I know Chip sits down with the "perpetrator" and goes over the transformation. I'd think he'd keep it relatively close to what the owner would approve of. The last episode I saw was if I recall a Chevelle with a vinyl top. I recall the dad saying he really loves that vinyl top. During the resto Chip says that vinyl top is GONE. He didn't like it. I watched for the reaction on the owners face when he took his first look and I didn't see him missing it but maybe later he was. I can say I would be pissed but if I had a car in dire shape with no funds to fix it up and I was presented the car all done up I'd be the most gracious SOB alive.


----------



## FastFrank (Jun 12, 2009)

6QTS11OZ said:


> Also the person that's in on the the actual set up and taking of the car has an idea of what the owner wanted to do to the car. So Chip isn't just throwing caution to the wind and hacking someone's car up the way he wants to. It's normally spot on to what the owner wanted and turns out a helluva lot better that what the owner probably would have done. PLUS IT DOESN'T COST THE OWNER A PENNY!! Sounds like a good deal to me.

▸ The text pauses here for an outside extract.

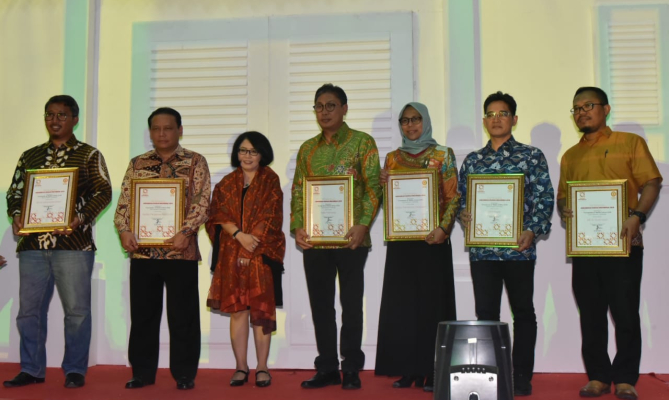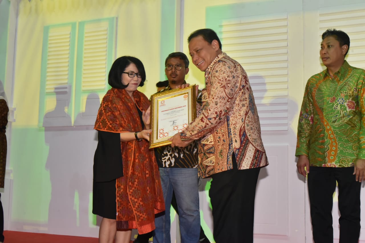 Ketua Bawaslu Abhan saat menerima penghargaan dari Humas Indonesia di Balaikota Tangerang, Jumat 30 Agustus 2019/Foto: Ranap Simanjuntak

There is a cost to the person who was in on it. They have to agree to pay the state sales tax on all items installed on the car. If your wife were to sign you up, and you were selected, your wife would be on the hook for those taxes. I don't know how you would claim that on your income taxes either, but I'm sure the federal government would have their hand out for that also.


----------



## xcmac26 (Dec 1, 2008)

say they spend 10k on parts (not labor, no tax on that), here in texas that'd be $875 in taxes. still a damn good deal.


----------



## 68greengoat (Sep 15, 2005)

That's what I was kinda thinking. Sales tax, bring it on. For that same $10k it would cost us Wisconsinites only $550. So he spends $20k, $1100, no problemo...... Even if CA is higher, no biggy......


----------